You may ask why. Well, read the article. There is a trail of e-mails by wrongdoing dealers. Even bankers, when there is clear evidence against them, get penalized.

But if you read the article carefully, another picture emerges as well. There were complaints for some time about currency rigging. The banks did not follow up. Here is a quote: "The bank said it regretted not responding more quickly to the complaints. The other banks were similarly apologetic."
It seems bank management that failed to supervise brokers did not suffer. 

What is interesting is that this was a joint investigation of US and British authorities. Finally, they are recognizing that banking became international, and national supervision may not be enough.

And about your belief that bankers suffer penalties when they misbehave, shown by your answer to question 55 on the macro exam and question 53 on the money and banking exam:

Benefit: "“He’s sat back in his chair … announcing to desk …that’s why I got the bonus pool,” said one trader to a rival after they colluded on a rate, earning, according to regulators, a profit of $513,000 on the trade."
Penalty: "nor were any traders or executives charged with wrongdoing."

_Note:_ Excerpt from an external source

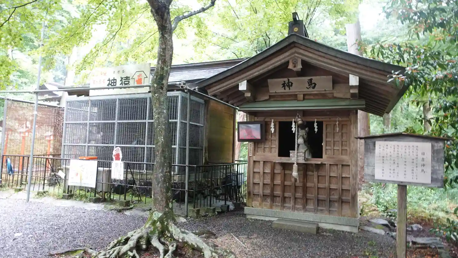 神馬舎の隣、こちらも有名、山王の神の使い<神猿>。神猿とかいて<まさる>と読む。檻の中には本物のおさるさんが2頭。

The details of how it worked are here.
In case you cannot access NYT:
The fix is the rate set over 60 seconds at 4pm in London

"The F.C.A. and C.F.T.C. claim that the traders at different banks met in online chat rooms and colluded on trading strategies, particularly in the moments before a fix was determined, so that their own banks could profit.
By making a large number of bids, or orders, ahead of the fixing time, traders could potentially send the price of a currency up or down. They then could profit from the difference in the fix price and the average price they paid for euros or other currencies throughout the trading day."
Why this should not be done:
"Regulators say that making trades to manage a bank’s risk of holding too much of one currency is permissible. But the activity uncovered in this inquiry was strictly to amass outsize profits and not in the interest of bank clients."
"In one instance, the British regulator said a trader at Citigroup made a $99,000 profit based on trades executed in a 33-second period ahead of the E.C.B. fix after colluding with traders at four other firms."